Documentary Tradition
The Anglo-Saxons, uniquely among the early Germanic peoples, preserved royal genealogies. The earliest source for these genealogies is Bede, who in his Historia ecclesiastica gentis Anglorum (completed in or before 731)) said of the founders of the Kingdom of Kent, wrote:
The two first commanders are said to have been Hengest and Horsa ... They were the sons of Victgilsus, whose father was Vecta, son of Woden; from whose stock the royal race of many provinces deduce their original.
He similarly provides ancestry for the kings of the East Angles. An Anglian collection of royal genealogies also survives, the earliest version (sometimes called Vespasian or simply V) containing a list of bishops that ends in the year 812. This collection provides pedigrees for Deira, Bernicia, Mercia, Lindsey, Kent and East Anglia, tracing all from Woden, made the son of an otherwise unknown Frealaf.

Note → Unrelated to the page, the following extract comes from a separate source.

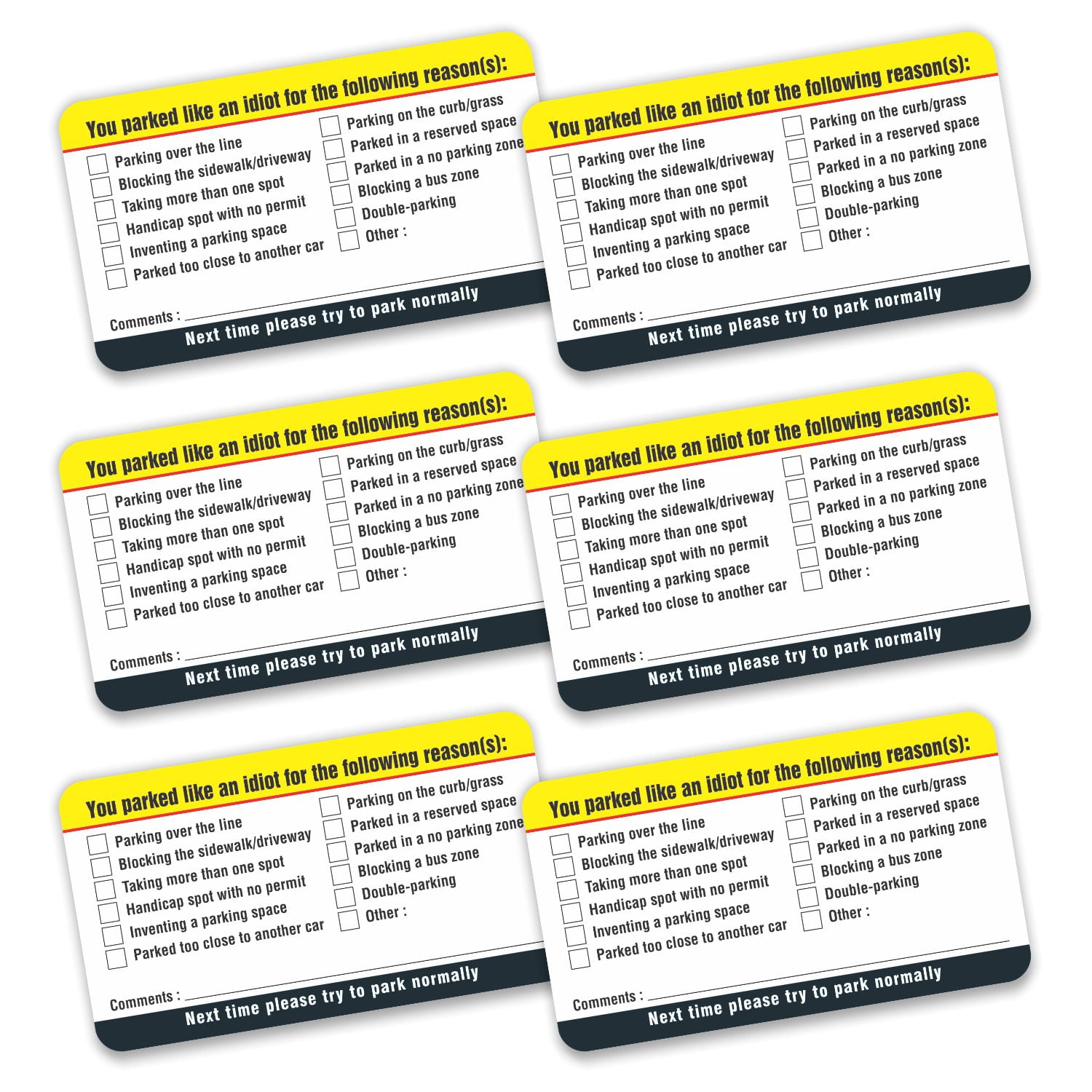 - IMPOSSIBLE TO IGNORE – You can also write your own comments in writable area at back side to tell someone why they park like an idiot. Leave on careless driver’s under the windshield wiper, through the driver’s door window, will send a strong message to them. EXCELLENT NOVELTY GAG GIFT.

The same pedigrees, in both text and tablular form, are included in some copies of the Historia Brittonum, an older body of tradition compiled or significantly retouched by Nennius in the early 9th century. These apparently share a common late-8th century source with the Anglian collection. Two other manuscripts from the 10th century (called CCCC and Tiberius, or simply C and T) also preserve the Anglian collection but include an addition: a pedigree for King Ine of Wessex that traces his ancestry from Cerdic, the semi-legendary founder of the Wessex state, and hence from Woden. This addition probably reflects the growing influence of Wessex under Ecgbert, whose family claimed descent from a brother of Ine. Pedigrees are also preserved in several regnal lists dating from the reign of Æthelwulf and later but seemingly based on a late-8th or early 9th century source or sources. Finally, later interpolations (which were added by 892) to both Asser's Vita Ælfredi regis Angul Saxonum and the Anglo-Saxon Chronicle preserve Wessex pedigrees extended beyond Cerdic and Woden to Adam.
John of Worcester would copy these pedigrees into his Chronicon ex chronicis, and the 9th-century Anglo-Saxon genealogical tradition was also used as a source by Snorri Sturluson, who in the 13th century wrote his Prologue to the Prose Edda.